Civil War in Brazil Is No Figure of Speech


    Have Brazilians stopped to reflect, as they should, over the crime figures in the 2003 Social Indicator Synthesis, recently announced by the IBGE (Brazilian Institute of Geography and Statistics)? Or can it be that violence has so been incorporated in our daily lives to the extent of numbing our sensitivity?

    The numbers demand our attention, because the reality may be even worse than what their dramatic individual experiences suggest.


    In general, the figures refute or correct rhetorical exaggerations, such as the popular assertion that Brazil is experiencing a civil war in disguise. However, in this case the rhetoric is much closer to reality.

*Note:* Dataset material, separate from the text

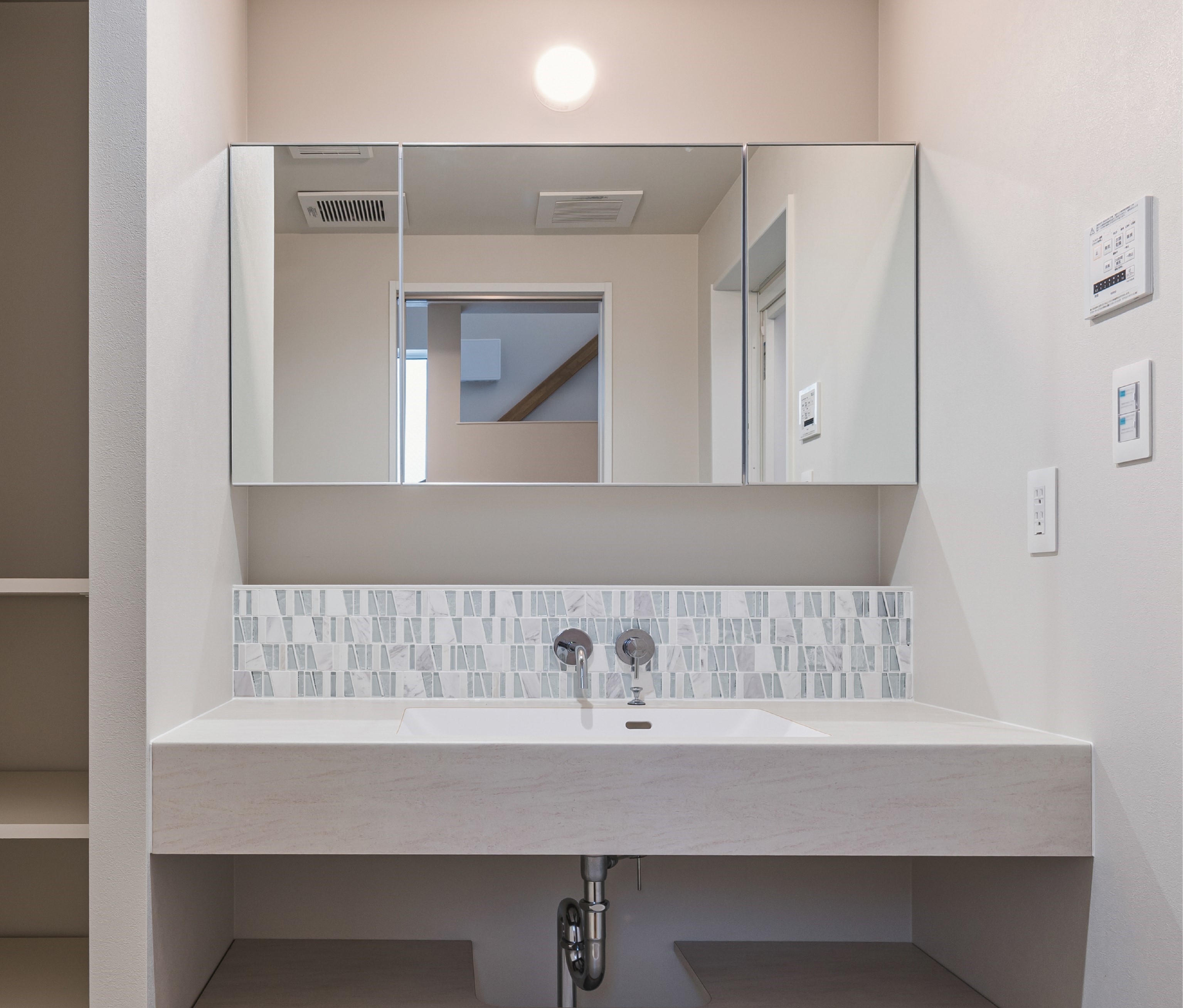 棟ごとにタイルと色の組み合わせが異なる個性豊かな洗面カウンターをご用意。素材とデザインにこだわり、既製品では叶えられないオリジナリティが、遊び心あふれる空間を演出してくれます。

    To apply the concept of civil war may be arguable, but the level of violence, the number of “casualties”, the insecurity, and the widespread fear amongst the population don’t fall very short to those of countries involved in such conflicts; or the quagmire Iraq is in.


    In 20 years, from 1980 to 2000, no less than 600 thousand people were murdered in Brazil, an average of 30 thousand a year. A 130% increase in murder rates during this period. Comparably, to give an idea of the statistical significance, the civil war that devastated Angola for 27 years left 350 thousand dead.

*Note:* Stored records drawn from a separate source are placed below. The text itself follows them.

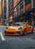Dit schilderij toont een strakke, feloranje auto geparkeerd in een stadsstraat in de vroege avond. De auto heeft zwarte accenten, waaronder velgen en aerodynamische kenmerken. Hoge gebouwen met reflecterende ramen flankeren de straat, verlicht door stadslichten.
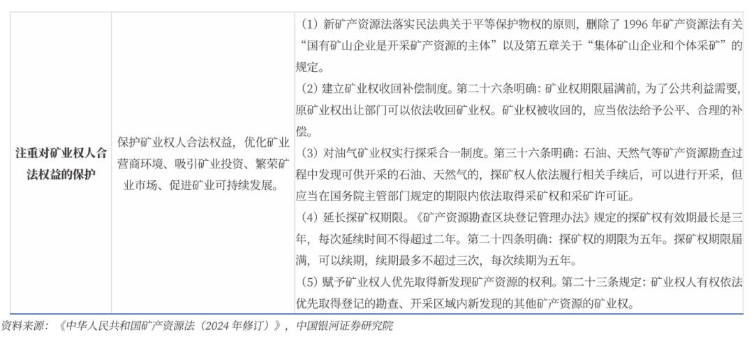 新矿产资源法出台,推动战略性矿产资源增储提产:2024年11月8日,《中华人民共和国矿产资源法(修订草案)》(简称“新矿产资源法”)经十四届全国人大常委会第十二次会议审议通过,自2025年7月1日起施行。新矿产资源法明确加大对战略性矿产资源勘查、开采、贸易、储备等的支持力度,推动战略性矿产资源增加储量和提高产能,推动战略性矿产资源产业优化升级。新矿产资源法有利于鼓励矿业投资、发展矿业新质生产力,助力公司发挥资金优势,增存提产,提升资源竞争力。
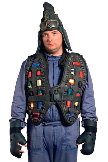 During the race, Rags wore a blue worksuit with a black utility tool vest, black gloves, brown boots, and pointed brown cowl with a pair of goggles. They had blue eyes and light skin.[1]
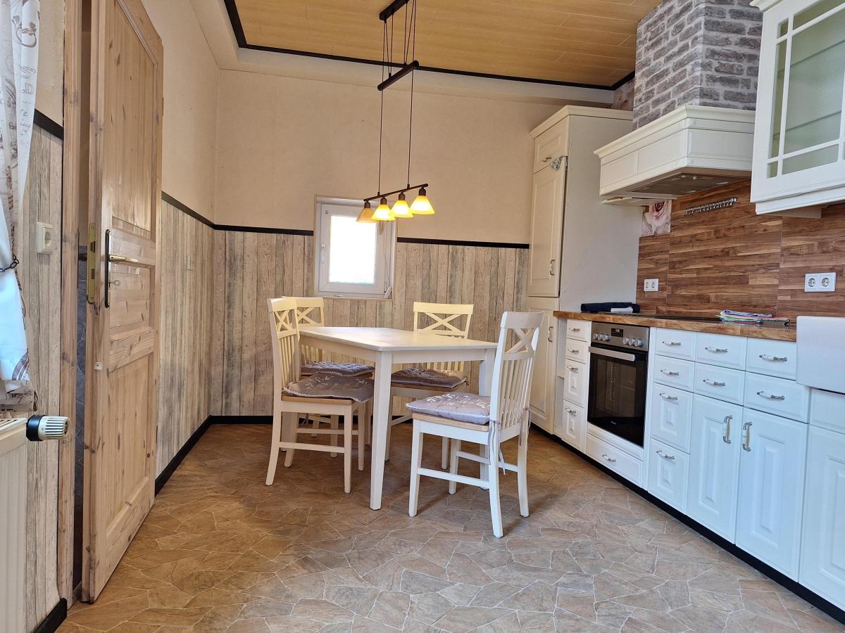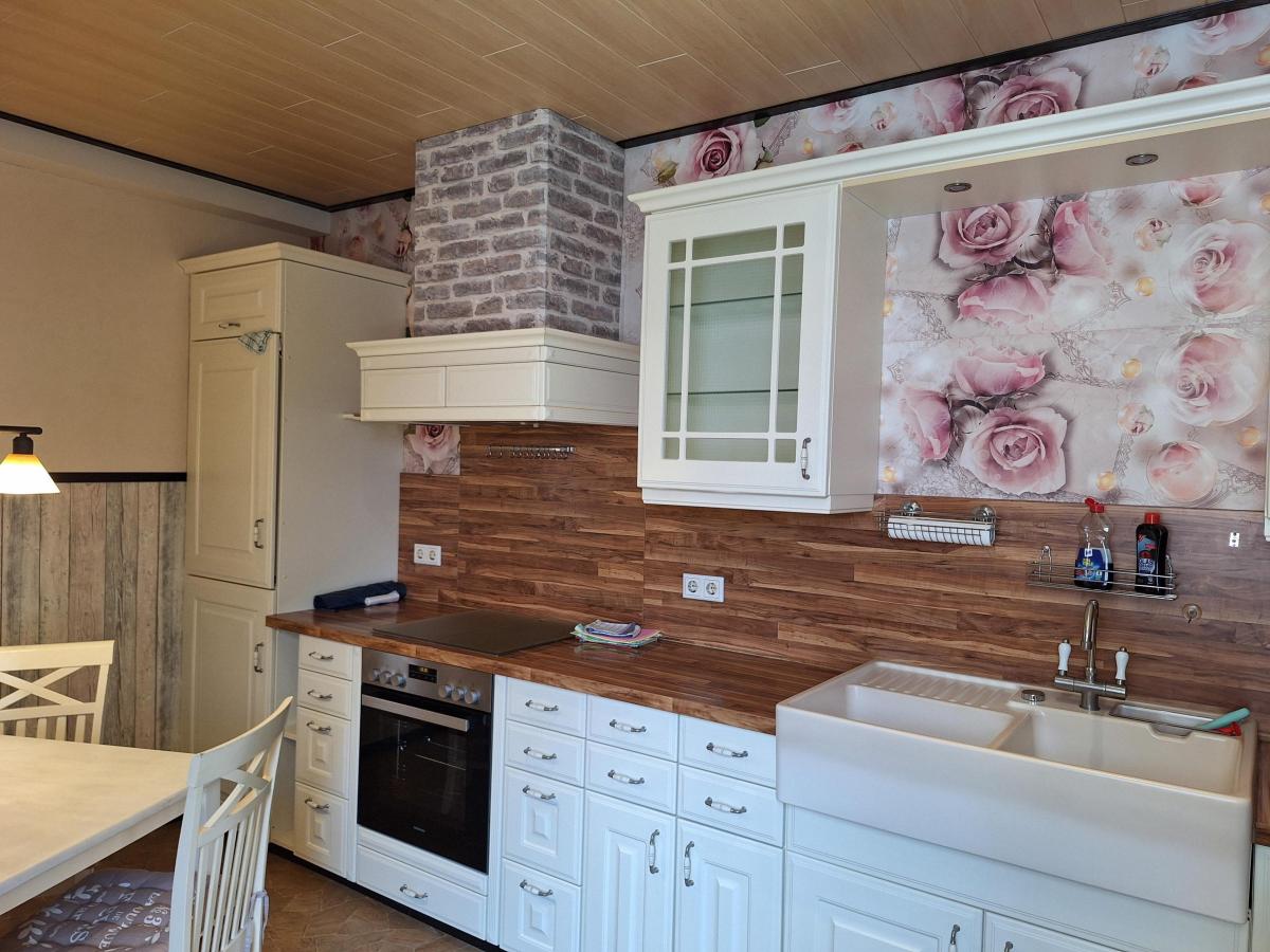 Im Erdgeschoss gelangen Sie durch den geräumigen Flur in die großzügige Wohnküche, die im Landhausstil gehalten ist.

    Another example: in Brazil, in 2000, the death rate by firearms was 71.7 per 100 thousand people, 13 times greater than the US’s in the same period, 5.5 per 100 thousand.

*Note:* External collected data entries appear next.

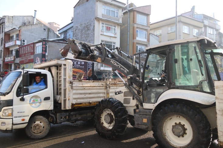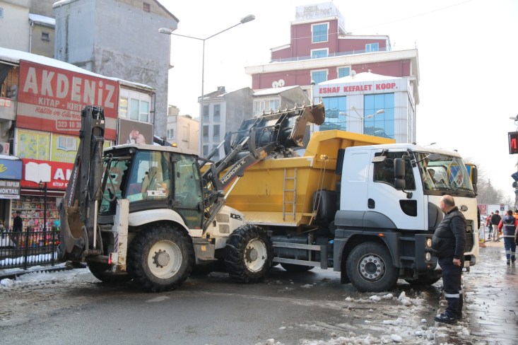 Kdz. Ereğli’de kar yağışının kesilmesinin ardından belediye ekipleri yol kenarlarında oluşan kar kütlelerini şehir merkezinden itibaren kaldırma çalışmalarına başladı.
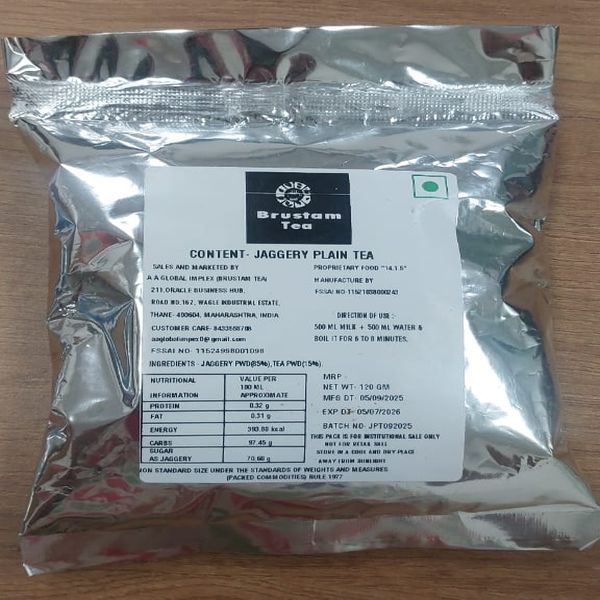 Brustam Horeca Special Jaggery Tea is specially developed for hotels, restaurants, and catering services.The pre-blended formulation of black tea powder and natural jaggery ensures consistent taste and eliminates the need for adding sugar during preparation.Each 120 gm pouch is designed to prepare one liter of tea, making bulk preparation simple, efficient, and standardized for HORECA operations.
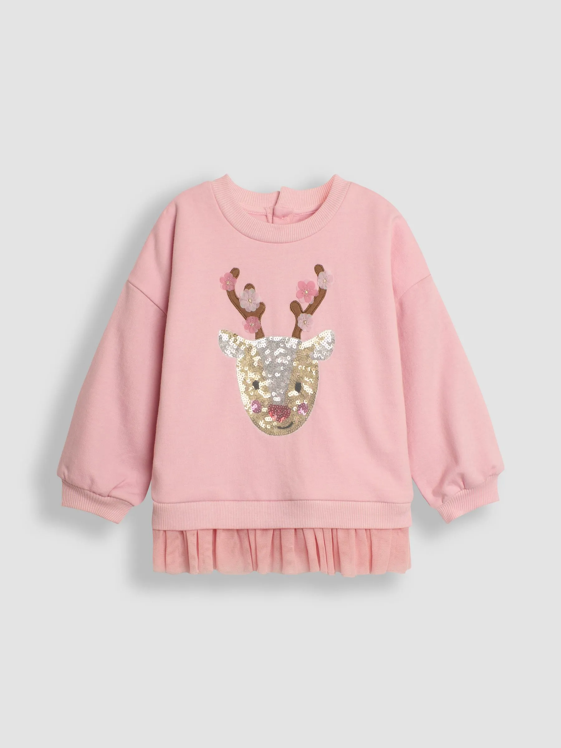 Sale!Pink Reindeer Sequin Tulle Frill Sweatshirt

    The coordinator of the United Nations Development Program (Pnud) in Brazil, Carlos Lopes, based on data that he gathered which are very similar to IBGE’s, claims that 40 thousand people were murdered in the country in 2002.


    “In a nation in peace, it’s difficult to conceive so much killing as a result of improper use of weapons. This number is higher than the number of dead in the war in Iraq, and it is rising. With 2.8% of the world’s population,” he adds, “we are accountable for 11% of homicides worldwide.”


    All other facts from the IBGE report are equally unsettling, but two of them call for special attention. Of that total of 600 thousand murders, more than half -369.101 – took place in the 90s, which means that the problem is very rapidly worsening.


    And the young are the most affected by the violence. In 2000, for example, 57.1% of male homicide deaths fall in the 15-24 year-old segment, which cuts down life expectancy of big cities’ residents, where crime rates are higher. Within that same age bracket, traffic accidents represent 18.3% of deaths.


    Violence has reached such levels, that it is canceling off all major advancements in the nation’s public health, achieved with great effort.


    “We managed to lower infant deaths so that now our youth get to die in a stupid manner” – that’s the melancholic and discouraging conclusion by sociologist Celso Simões, one of the coordinators of the IBGE report.


    Facing such facts, if someone says that violence has turned into a national tragedy, he/she will not be engaging in any sort of exaggeration. What can be done to confront this situation?


    Simões points out that economic and social factors – such as the lack of employment opportunities, education, health care, and the low income levels of needy citizens – can only be solved in the mid-long run.


    What is possible and must be done immediately, while pursuing better living conditions for the population, is to seek more efficiency from the police force, particularly in the fight against organized crime.


    Here, emphasis to narcotrafficking, and its non-stop growth in controlling important areas of big cities like Rio de Janeiro, and the expansion of its domain to the interior parts of the country as well. And in this undertaking, it is eye-catching that both – state and federal governments – have failed.


    Among the most qualified people to suggest ways to reach that goal is Colonel José Vicente da Silva, former National Public Safety Secretary in the Cardoso administration and researcher at the Fernand Braudel Institute, one of Brazil’s greatest authorities concerning the issue.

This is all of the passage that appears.